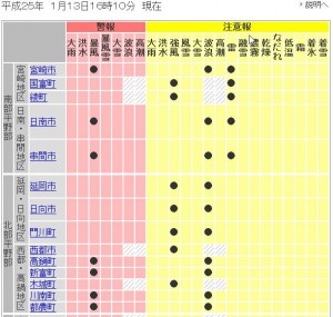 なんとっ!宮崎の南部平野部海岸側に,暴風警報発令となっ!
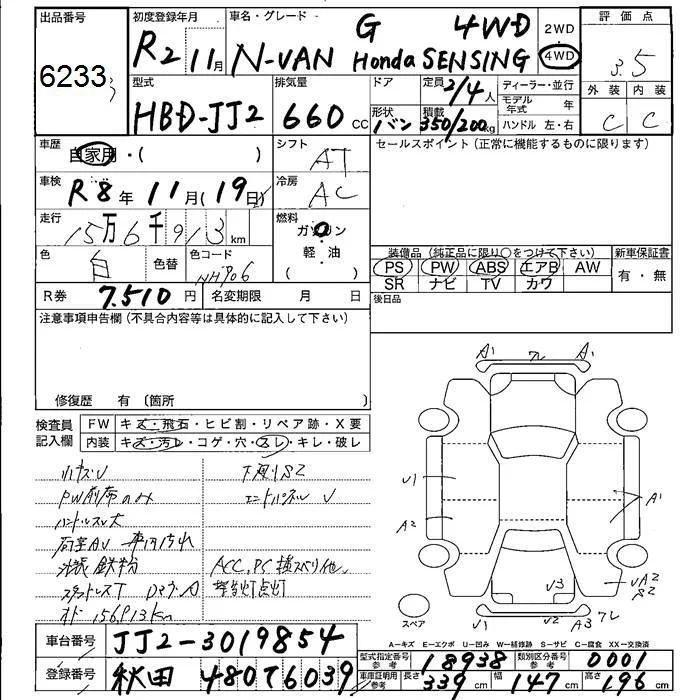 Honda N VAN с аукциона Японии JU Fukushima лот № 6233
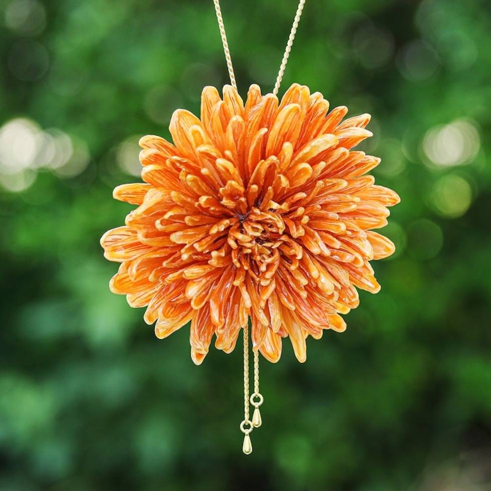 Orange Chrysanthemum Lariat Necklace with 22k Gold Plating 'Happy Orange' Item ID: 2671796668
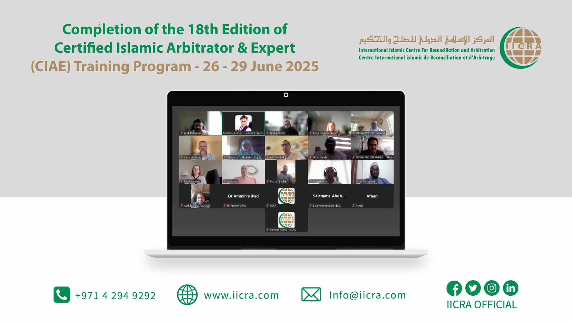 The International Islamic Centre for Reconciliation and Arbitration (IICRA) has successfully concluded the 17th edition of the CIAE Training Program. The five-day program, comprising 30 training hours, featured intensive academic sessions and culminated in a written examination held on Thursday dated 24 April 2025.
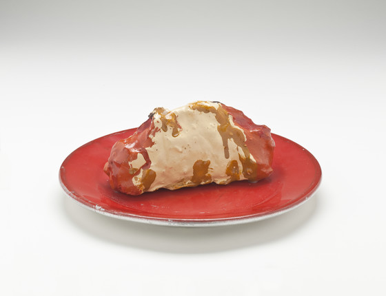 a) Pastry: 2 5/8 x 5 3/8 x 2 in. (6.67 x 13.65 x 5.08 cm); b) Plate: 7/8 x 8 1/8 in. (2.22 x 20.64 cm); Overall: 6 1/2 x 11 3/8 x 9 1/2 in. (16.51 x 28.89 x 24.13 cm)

=======

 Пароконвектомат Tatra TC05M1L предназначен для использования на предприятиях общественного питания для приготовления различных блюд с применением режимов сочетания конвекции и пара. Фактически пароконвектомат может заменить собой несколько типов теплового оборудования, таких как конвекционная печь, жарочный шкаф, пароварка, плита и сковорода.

=======

### ABOUT THIS EXERCISE
In the material above, one part opens with the line containing "なんとっ!宮崎の南部平野部海岸側に,暴風警報発令となっ!" and closes with the line containing "a) Pastry: 2". Write out that part exactly and skip its pictures.

### RESPONSE TO THIS TASK
 なんとっ!宮崎の南部平野部海岸側に,暴風警報発令となっ!
 Honda N VAN с аукциона Японии JU Fukushima лот № 6233
 Orange Chrysanthemum Lariat Necklace with 22k Gold Plating 'Happy Orange' Item ID: 2671796668
 The International Islamic Centre for Reconciliation and Arbitration (IICRA) has successfully concluded the 17th edition of the CIAE Training Program. The five-day program, comprising 30 training hours, featured intensive academic sessions and culminated in a written examination held on Thursday dated 24 April 2025.
 a) Pastry: 2 5/8 x 5 3/8 x 2 in. (6.67 x 13.65 x 5.08 cm); b) Plate: 7/8 x 8 1/8 in. (2.22 x 20.64 cm); Overall: 6 1/2 x 11 3/8 x 9 1/2 in. (16.51 x 28.89 x 24.13 cm)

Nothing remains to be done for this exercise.